> _WHAT YOU ARE ASKED TO DO_:
Starting at the first line of the entries, extract each line up to and including the one that contains "Podrum ima struju", but leave out the pictures.

[Dataset entries]
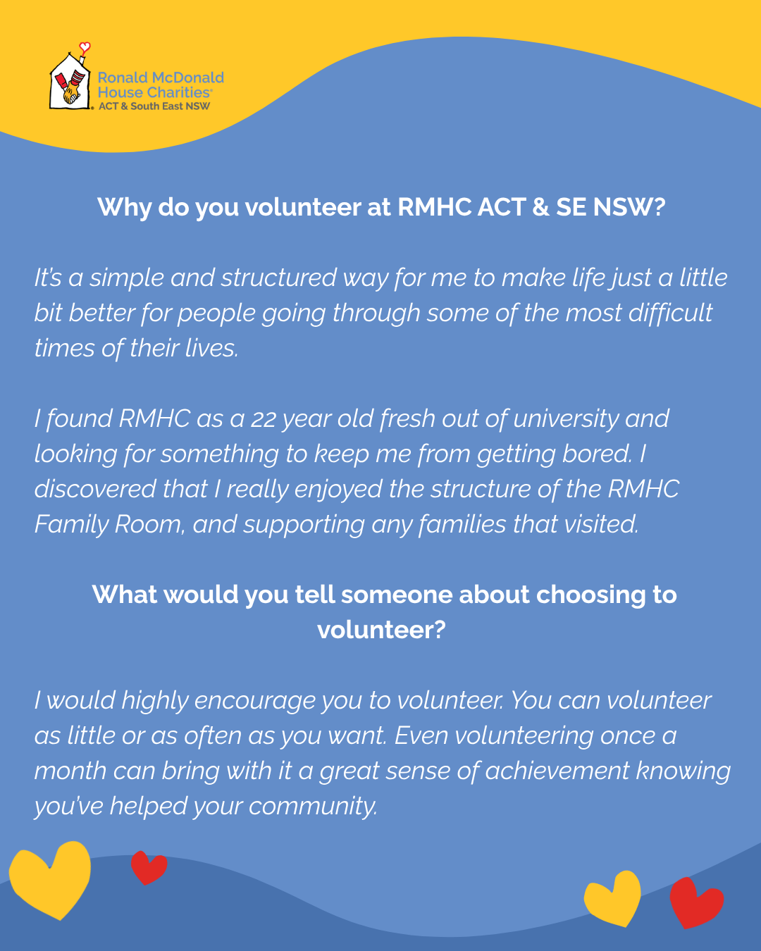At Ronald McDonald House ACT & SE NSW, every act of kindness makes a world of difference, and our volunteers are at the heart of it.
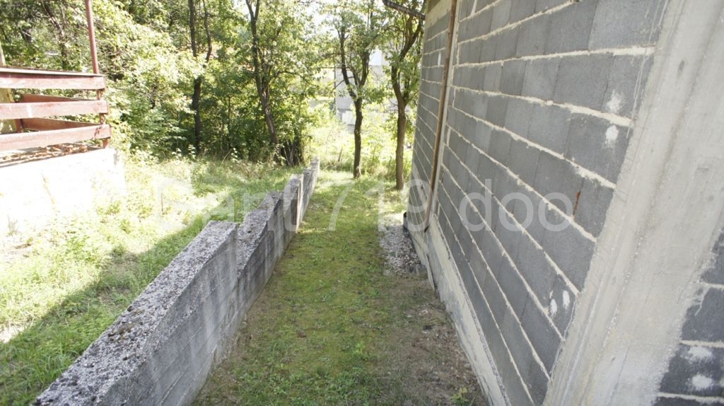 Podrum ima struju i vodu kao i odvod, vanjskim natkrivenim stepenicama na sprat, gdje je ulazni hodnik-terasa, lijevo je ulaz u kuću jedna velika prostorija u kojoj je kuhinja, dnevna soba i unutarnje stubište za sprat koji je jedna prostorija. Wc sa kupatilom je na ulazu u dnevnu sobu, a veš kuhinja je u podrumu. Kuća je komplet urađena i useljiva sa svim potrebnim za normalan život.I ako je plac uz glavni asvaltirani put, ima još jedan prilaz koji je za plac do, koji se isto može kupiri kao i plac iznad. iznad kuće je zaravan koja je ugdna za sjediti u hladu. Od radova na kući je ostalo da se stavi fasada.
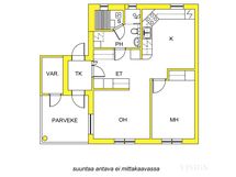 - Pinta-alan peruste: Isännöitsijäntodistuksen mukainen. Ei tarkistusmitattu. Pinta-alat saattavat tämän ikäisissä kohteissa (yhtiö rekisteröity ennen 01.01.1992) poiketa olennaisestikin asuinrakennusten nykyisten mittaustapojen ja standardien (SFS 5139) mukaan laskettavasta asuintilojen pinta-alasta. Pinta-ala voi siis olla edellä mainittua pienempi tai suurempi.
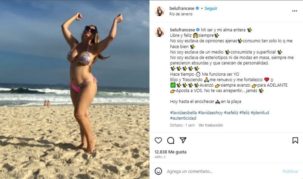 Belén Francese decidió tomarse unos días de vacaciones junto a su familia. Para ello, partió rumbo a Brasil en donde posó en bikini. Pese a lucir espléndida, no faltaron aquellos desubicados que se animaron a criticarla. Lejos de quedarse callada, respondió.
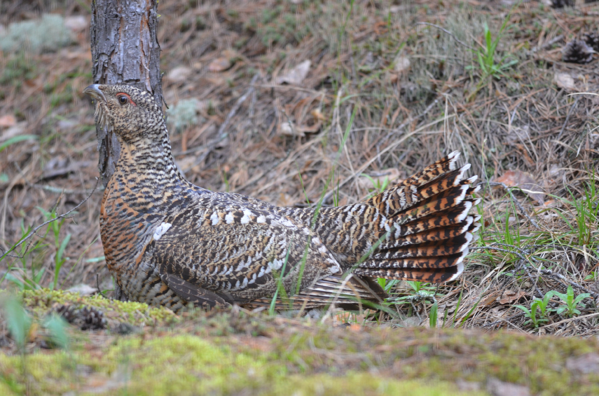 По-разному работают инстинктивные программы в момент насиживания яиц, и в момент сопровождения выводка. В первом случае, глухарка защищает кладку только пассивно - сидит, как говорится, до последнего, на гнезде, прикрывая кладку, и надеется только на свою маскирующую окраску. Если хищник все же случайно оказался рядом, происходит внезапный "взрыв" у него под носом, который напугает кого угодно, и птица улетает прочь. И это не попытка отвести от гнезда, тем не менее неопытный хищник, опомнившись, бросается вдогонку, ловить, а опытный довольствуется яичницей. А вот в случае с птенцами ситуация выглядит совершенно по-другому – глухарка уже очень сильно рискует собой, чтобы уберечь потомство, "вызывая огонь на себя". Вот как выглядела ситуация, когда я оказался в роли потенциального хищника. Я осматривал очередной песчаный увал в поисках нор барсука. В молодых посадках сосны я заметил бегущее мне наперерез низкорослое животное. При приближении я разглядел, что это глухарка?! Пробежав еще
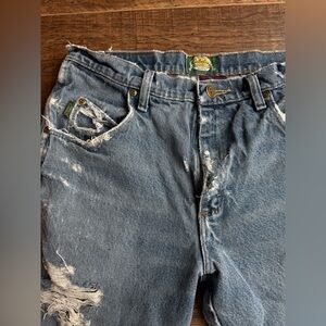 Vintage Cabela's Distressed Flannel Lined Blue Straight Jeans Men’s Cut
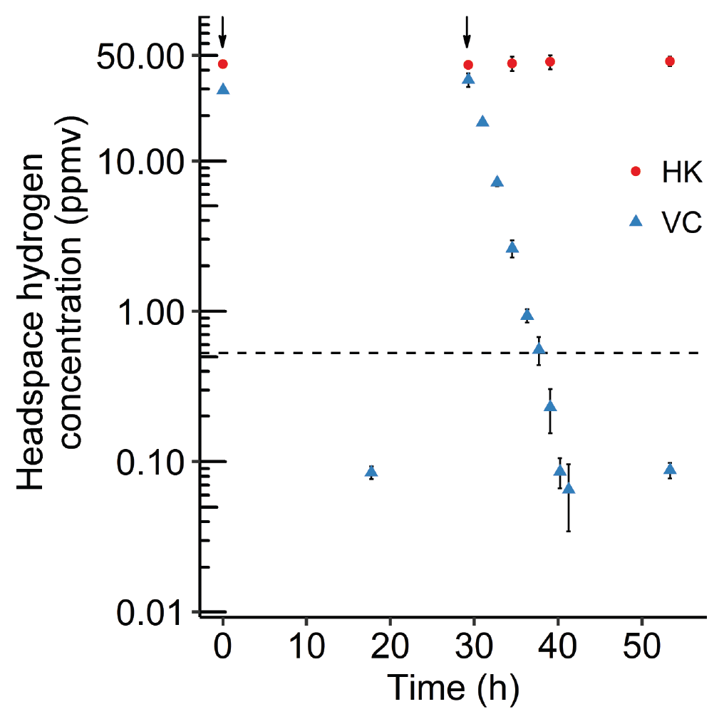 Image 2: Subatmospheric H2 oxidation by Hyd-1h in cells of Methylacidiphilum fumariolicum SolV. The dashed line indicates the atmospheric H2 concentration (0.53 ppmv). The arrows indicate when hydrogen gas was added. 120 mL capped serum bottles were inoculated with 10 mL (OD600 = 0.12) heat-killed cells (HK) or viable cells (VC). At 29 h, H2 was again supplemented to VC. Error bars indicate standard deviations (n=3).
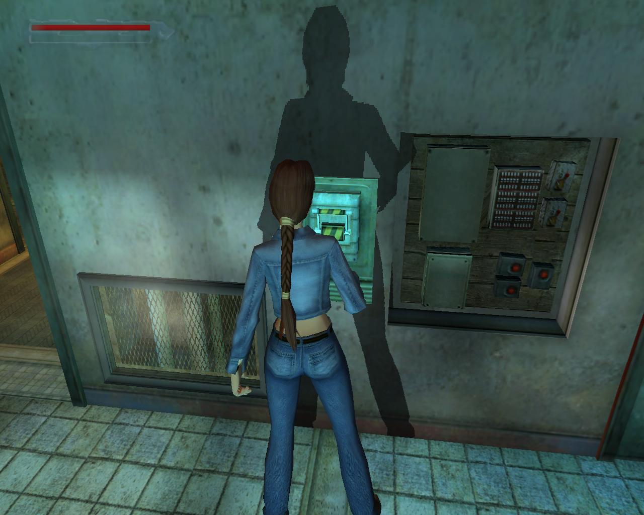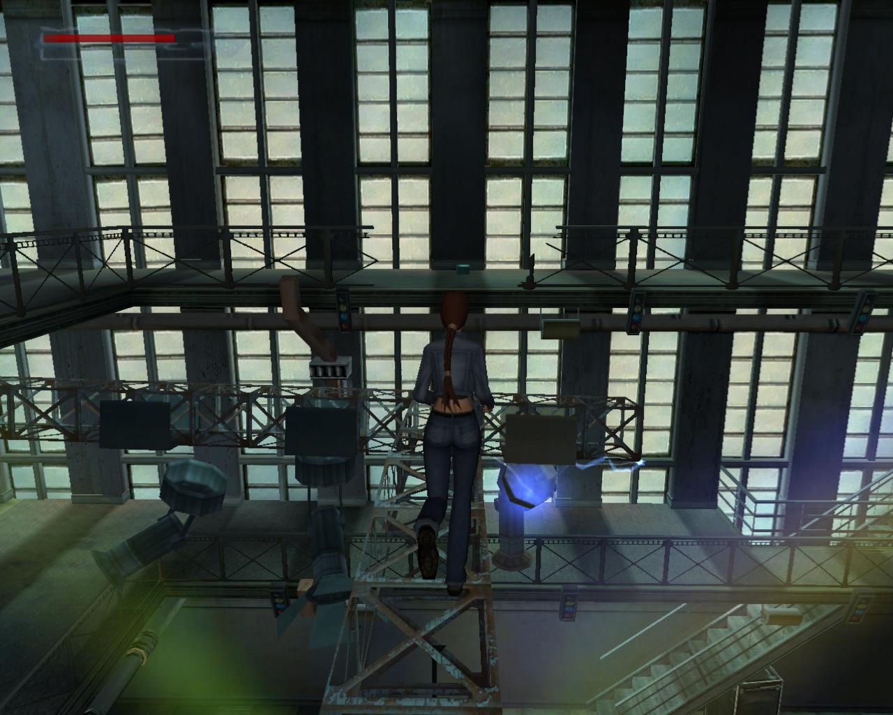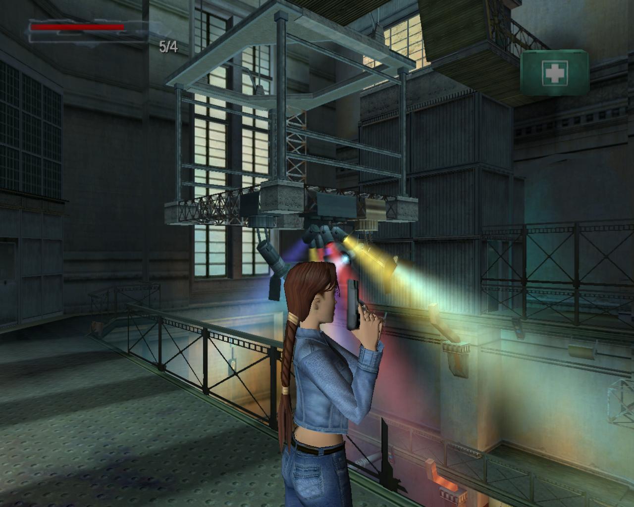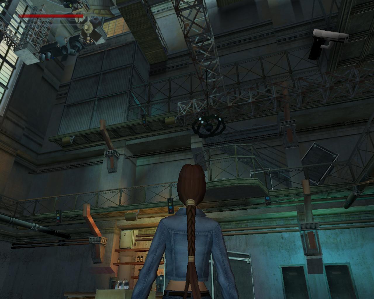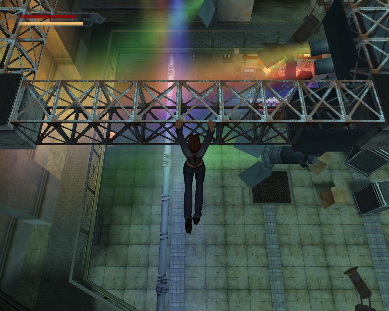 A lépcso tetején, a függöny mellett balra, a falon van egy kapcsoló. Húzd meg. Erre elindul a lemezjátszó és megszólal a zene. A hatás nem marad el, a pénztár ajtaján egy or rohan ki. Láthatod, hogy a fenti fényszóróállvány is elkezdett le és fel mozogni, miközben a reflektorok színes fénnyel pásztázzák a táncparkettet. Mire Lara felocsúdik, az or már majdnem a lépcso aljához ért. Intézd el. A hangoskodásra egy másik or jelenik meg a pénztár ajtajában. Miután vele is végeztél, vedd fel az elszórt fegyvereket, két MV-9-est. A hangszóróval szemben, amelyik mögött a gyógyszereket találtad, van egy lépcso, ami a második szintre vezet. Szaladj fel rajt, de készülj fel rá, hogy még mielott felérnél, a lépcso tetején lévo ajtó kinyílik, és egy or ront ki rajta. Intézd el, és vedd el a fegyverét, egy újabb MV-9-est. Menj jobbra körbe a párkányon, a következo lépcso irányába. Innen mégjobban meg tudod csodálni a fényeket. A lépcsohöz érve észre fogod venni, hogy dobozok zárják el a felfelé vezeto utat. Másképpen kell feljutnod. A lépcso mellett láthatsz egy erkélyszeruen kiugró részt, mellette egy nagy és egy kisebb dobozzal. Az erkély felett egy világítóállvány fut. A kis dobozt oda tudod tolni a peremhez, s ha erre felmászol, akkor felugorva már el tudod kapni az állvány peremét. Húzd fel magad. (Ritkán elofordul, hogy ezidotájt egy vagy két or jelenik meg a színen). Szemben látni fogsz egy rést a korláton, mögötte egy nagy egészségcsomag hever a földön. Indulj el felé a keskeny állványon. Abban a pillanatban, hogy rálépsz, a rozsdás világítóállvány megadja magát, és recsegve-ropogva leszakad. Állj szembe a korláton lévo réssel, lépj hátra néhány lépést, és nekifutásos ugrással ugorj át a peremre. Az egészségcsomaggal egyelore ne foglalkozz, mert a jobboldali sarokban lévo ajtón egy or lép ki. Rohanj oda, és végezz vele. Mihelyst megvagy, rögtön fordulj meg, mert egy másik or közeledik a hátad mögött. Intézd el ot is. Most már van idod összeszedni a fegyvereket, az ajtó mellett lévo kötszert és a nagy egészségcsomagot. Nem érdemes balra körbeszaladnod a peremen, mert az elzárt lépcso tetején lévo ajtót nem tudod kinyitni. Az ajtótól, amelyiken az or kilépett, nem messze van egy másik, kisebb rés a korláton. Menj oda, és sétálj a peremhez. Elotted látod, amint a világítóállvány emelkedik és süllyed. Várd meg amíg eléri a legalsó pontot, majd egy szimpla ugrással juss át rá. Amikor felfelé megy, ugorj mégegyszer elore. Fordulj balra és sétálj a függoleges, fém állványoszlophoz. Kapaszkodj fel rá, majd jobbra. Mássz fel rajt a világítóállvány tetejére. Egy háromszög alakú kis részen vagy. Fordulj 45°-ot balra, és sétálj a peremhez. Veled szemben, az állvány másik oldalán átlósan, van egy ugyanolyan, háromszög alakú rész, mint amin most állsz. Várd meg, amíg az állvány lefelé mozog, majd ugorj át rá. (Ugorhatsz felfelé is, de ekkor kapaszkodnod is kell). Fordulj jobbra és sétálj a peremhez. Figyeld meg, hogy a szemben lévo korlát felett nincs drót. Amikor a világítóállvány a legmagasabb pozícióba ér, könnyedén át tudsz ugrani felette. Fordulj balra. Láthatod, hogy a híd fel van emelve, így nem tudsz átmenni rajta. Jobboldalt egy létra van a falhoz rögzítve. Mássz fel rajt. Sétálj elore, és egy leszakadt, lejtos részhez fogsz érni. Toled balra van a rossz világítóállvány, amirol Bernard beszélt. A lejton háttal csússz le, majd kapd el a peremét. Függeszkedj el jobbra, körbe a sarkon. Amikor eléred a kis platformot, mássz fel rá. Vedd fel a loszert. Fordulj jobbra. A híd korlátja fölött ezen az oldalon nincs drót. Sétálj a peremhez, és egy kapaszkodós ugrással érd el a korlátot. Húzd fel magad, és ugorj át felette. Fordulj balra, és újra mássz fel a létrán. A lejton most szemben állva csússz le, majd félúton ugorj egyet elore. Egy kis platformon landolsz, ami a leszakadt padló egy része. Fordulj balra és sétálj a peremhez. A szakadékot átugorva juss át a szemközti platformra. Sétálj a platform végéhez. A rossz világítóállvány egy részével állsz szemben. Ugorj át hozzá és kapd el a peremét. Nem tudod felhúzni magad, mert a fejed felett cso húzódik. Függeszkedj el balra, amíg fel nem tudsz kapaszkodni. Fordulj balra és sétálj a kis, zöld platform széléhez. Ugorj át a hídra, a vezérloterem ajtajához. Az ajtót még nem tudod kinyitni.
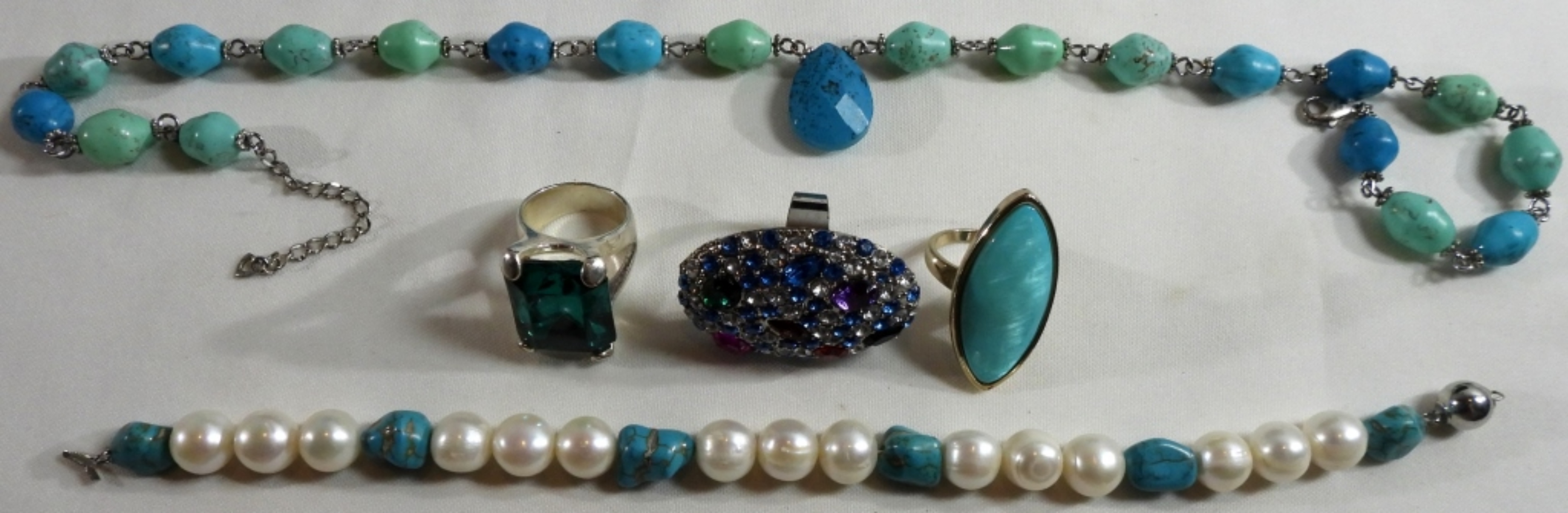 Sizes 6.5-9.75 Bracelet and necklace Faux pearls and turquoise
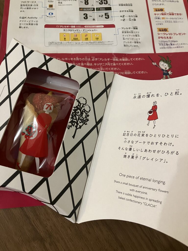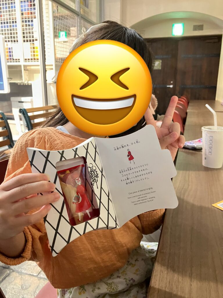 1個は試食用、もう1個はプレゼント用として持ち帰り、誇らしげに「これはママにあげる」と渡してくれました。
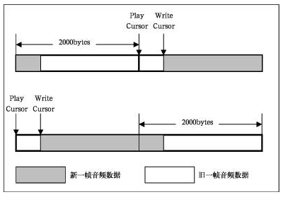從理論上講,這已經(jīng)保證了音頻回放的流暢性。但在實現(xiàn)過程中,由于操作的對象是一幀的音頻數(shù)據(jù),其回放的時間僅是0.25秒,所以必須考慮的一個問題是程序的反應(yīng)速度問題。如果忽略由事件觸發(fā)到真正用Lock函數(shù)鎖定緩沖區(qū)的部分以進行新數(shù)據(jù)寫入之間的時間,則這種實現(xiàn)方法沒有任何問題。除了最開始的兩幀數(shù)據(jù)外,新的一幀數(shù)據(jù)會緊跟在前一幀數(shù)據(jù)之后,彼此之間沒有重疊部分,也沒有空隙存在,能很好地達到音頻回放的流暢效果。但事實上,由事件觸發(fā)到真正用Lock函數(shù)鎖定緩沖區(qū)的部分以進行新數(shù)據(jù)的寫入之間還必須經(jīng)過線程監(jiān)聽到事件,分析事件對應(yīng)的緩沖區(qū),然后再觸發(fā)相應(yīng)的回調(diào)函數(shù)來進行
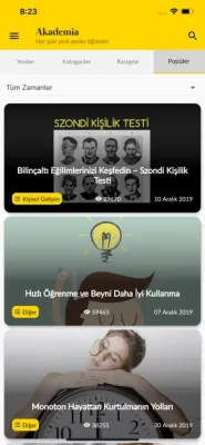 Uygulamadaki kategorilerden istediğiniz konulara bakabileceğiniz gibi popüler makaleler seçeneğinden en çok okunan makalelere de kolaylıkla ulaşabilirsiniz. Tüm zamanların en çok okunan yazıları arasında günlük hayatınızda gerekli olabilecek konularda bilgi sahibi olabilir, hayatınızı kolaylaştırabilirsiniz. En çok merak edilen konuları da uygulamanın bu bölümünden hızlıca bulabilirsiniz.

> _WRITTEN ANSWER_:
At Ronald McDonald House ACT & SE NSW, every act of kindness makes a world of difference, and our volunteers are at the heart of it.
 Podrum ima struju i vodu kao i odvod, vanjskim natkrivenim stepenicama na sprat, gdje je ulazni hodnik-terasa, lijevo je ulaz u kuću jedna velika prostorija u kojoj je kuhinja, dnevna soba i unutarnje stubište za sprat koji je jedna prostorija. Wc sa kupatilom je na ulazu u dnevnu sobu, a veš kuhinja je u podrumu. Kuća je komplet urađena i useljiva sa svim potrebnim za normalan život.I ako je plac uz glavni asvaltirani put, ima još jedan prilaz koji je za plac do, koji se isto može kupiri kao i plac iznad. iznad kuće je zaravan koja je ugdna za sjediti u hladu. Od radova na kući je ostalo da se stavi fasada.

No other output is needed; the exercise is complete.